Read an Excerpt
Entreaty
“ Truth tickles everyone’s nostrils. The question is, how’s it to be pulled from the heap? ” —Isaac Babel, “My First Goose” (a story in Red Cavalry, 1926)
This book is full of ideas, facts, and opinions. It would be easy just to read and believe it, but I ask you instead to consider as you read and to decide for yourself what to believe. Francis Bacon, a pioneer of the scientific method, wrote in 1612, “Read not to contradict and confute, nor to believe and take for granted, nor to find talk and discourse; but to weigh and consider.”
That is how we struggle toward the truth, and it is that struggle that keeps the world from descending into chaos.

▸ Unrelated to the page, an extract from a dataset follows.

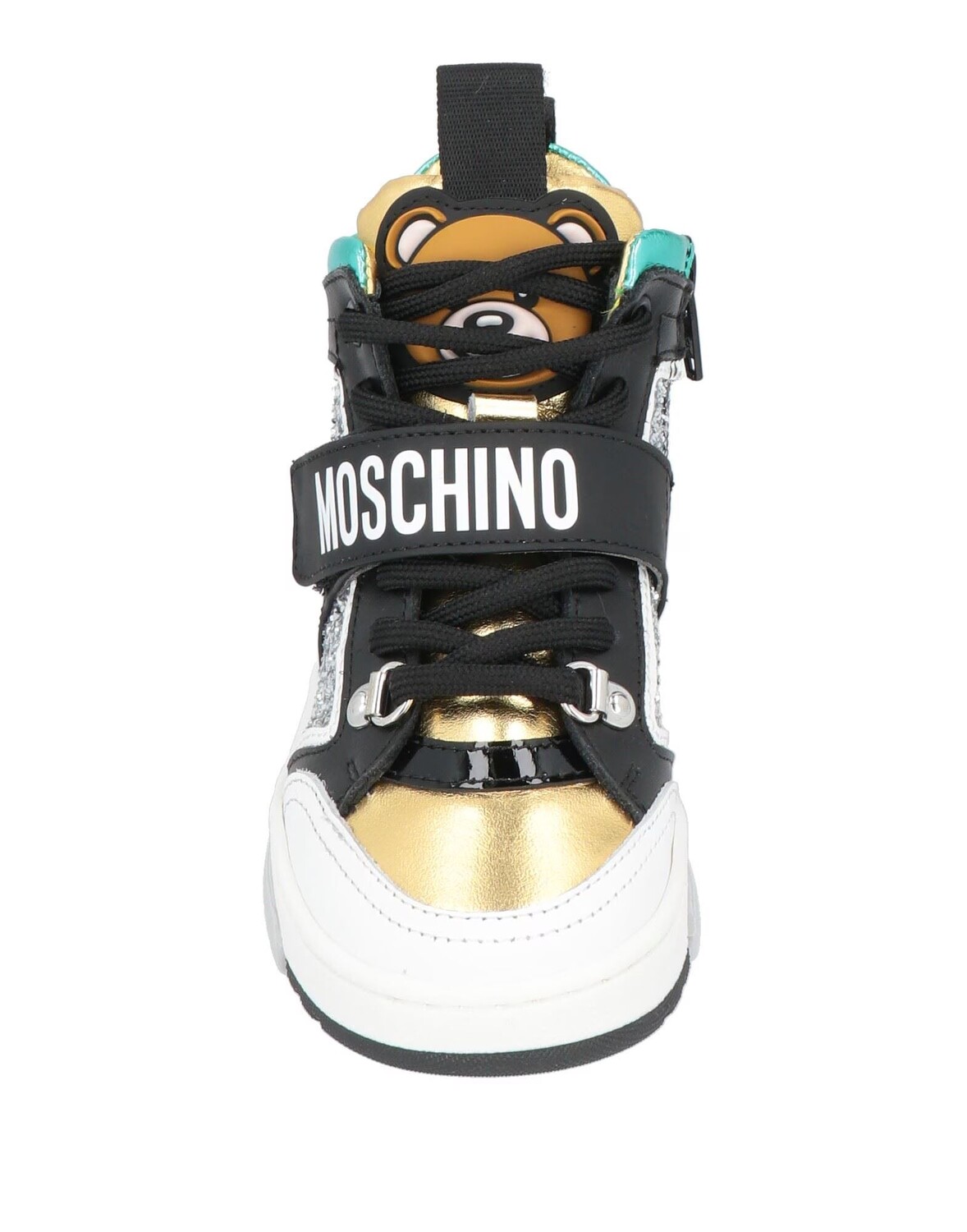 Кожа, эффект ламинирования, логотип бренда, блестки, разноцветный узор, кожаная подкладка, застежка-молния, застежка-липучка, скругленный носок, без каблука, резиновая подошва с тиснением, содержит нетекстильные части животного происхождения, модель на липучке

While it is often easy to spot a lie, it is harder to know what is true. Georg Wilhelm Friedrich Hegel, a still-admired nineteenth-century German philosopher, maintained that there is always an absolute truth, but it is not always possible to know it. That may be so, but the search for truth must be never-ending. We cannot achieve a well-ordered, healthy society for all the world’s people if we do not keep asking what is true. Often the question is why so many people choose to believe obvious lies. No lie becomes a big lie—a lie that undermines freedom, humanity, and the common good—without willing believers. Belief is a choice, and honesty begins in each of us. It is all too human to prefer an attractive lie to an inconvenient truth requiring difficult changes. When a lie provides comfort, consolation, excuses, or permission to do what you’d like to do anyway, who wouldn’t prefer it? It is harder to question everything, but democracy depends on moral courage, independent thinking, and fair-mindedness. A lack of caring what is true or false is the undoing of democracy. Hannah Arendt, who fled Hitler’s Germany and became one of the great philosophers of the twentieth century, wrote in Origins of Totalitarianism, “The ideal subject of totalitarianism is not the convinced Nazi, or the dedicated communist, but the people for whom the distinction between fact and fiction, true and false, no longer exists.”
I hope that you will keep asking yourself what is true as you read this book and live your life.